# Root missing from cm_shadow_full-3.zip



## 5cr34m1n6mu73 (Jun 14, 2011)

just installed this and none of my appz that require root function.

@scr34m1n6mu73


----------



## Flying_Hellfish (Jun 6, 2011)

Check the main CM thread. All you have to do is download SU efgh from ROM Manager in extras. Reboot to recovery from the CM power menu and flash it from the /clockworkrecovery folder. Root will be back.


----------



## b16 (Jun 6, 2011)

If not it is here - THREAD


----------



## 5cr34m1n6mu73 (Jun 14, 2011)

Flying_Hellfish said:


> Check the main CM thread. All you have to do is download SU efgh from ROM Manager in extras. Reboot to recovery from the CM power menu and flash it from the /clockworkrecovery folder. Root will be back.

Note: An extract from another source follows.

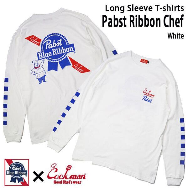 Cookman×Pabst Blue Ribbon Long sleeve T-shirts Pabst Ribbon Chef White クックマン ホワイト 長袖Tシャツ USA UNISEX 男女兼用 アメリカ

I see no heading of "extras" in ROM Manager, which also requires root to run properly. So I opened Superuser app and at the bottom of the page under settings I see where I am out of date and downloaded su-2.3.1 zip, rebooted into recovery and tried to install but it was aborted because it was "bad". I am restoring to a backup I made prior to flashing to the nightly which should give me root again and will try to download and install the update again.


----------



## 5cr34m1n6mu73 (Jun 14, 2011)

Okay after restoring backup of original cm install I immediately had one of those, "DOH!" moments and slapped my forehead with my palm... I either need coffee or sleep to regain my senses...coffee is brewing now. Thanks for the help pal!


----------